EXERCISE DESCRIPTION
Reproduce precisely the lines of the listing below, starting with the line that contains "Lækker Mini A" and stopping after the line that contains "메뉴판은 해당 사진으로"; include nothing else.

EXTRACTED ENTRIES

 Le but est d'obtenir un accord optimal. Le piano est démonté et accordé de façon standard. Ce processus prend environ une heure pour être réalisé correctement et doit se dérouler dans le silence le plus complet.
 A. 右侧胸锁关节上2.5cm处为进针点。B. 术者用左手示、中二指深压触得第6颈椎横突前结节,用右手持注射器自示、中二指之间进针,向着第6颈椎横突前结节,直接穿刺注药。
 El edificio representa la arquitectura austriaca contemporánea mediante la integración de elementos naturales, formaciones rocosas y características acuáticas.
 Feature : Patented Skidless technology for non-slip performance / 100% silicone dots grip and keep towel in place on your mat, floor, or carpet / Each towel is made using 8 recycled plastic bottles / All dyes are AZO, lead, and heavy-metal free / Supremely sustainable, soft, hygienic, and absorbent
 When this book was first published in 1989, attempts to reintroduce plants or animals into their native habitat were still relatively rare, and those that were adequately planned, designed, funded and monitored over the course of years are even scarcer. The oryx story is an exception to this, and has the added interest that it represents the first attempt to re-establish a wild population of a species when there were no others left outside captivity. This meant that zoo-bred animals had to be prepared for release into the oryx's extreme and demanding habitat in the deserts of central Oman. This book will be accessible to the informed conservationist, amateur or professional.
...
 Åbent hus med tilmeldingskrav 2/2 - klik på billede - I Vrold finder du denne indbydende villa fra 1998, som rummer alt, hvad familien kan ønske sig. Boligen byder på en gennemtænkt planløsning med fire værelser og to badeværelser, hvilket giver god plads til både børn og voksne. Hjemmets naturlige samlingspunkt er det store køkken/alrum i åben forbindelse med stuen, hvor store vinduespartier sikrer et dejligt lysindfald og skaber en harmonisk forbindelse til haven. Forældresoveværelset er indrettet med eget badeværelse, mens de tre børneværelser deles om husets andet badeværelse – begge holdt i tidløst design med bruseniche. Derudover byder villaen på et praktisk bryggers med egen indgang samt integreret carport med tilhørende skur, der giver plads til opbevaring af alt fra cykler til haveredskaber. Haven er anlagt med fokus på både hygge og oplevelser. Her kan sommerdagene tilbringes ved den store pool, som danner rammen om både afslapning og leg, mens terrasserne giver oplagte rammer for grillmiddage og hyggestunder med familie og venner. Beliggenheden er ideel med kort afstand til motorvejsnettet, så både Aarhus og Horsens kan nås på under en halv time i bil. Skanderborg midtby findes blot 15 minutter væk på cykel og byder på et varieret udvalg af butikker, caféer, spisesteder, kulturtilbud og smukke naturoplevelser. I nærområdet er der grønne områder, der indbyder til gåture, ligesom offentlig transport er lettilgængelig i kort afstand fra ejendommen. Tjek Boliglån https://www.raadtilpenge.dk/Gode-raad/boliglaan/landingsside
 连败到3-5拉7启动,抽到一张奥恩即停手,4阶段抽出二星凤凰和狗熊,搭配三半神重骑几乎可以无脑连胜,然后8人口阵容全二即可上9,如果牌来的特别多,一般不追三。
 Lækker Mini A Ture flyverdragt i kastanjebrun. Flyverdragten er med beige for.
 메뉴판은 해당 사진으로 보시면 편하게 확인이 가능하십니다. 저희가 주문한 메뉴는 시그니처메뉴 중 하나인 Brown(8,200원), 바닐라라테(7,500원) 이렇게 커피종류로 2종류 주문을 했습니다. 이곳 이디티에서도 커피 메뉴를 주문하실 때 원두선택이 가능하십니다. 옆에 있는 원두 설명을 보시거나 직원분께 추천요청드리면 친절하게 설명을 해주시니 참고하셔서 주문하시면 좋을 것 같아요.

FINAL ANSWER
 Lækker Mini A Ture flyverdragt i kastanjebrun. Flyverdragten er med beige for.
 메뉴판은 해당 사진으로 보시면 편하게 확인이 가능하십니다. 저희가 주문한 메뉴는 시그니처메뉴 중 하나인 Brown(8,200원), 바닐라라테(7,500원) 이렇게 커피종류로 2종류 주문을 했습니다. 이곳 이디티에서도 커피 메뉴를 주문하실 때 원두선택이 가능하십니다. 옆에 있는 원두 설명을 보시거나 직원분께 추천요청드리면 친절하게 설명을 해주시니 참고하셔서 주문하시면 좋을 것 같아요.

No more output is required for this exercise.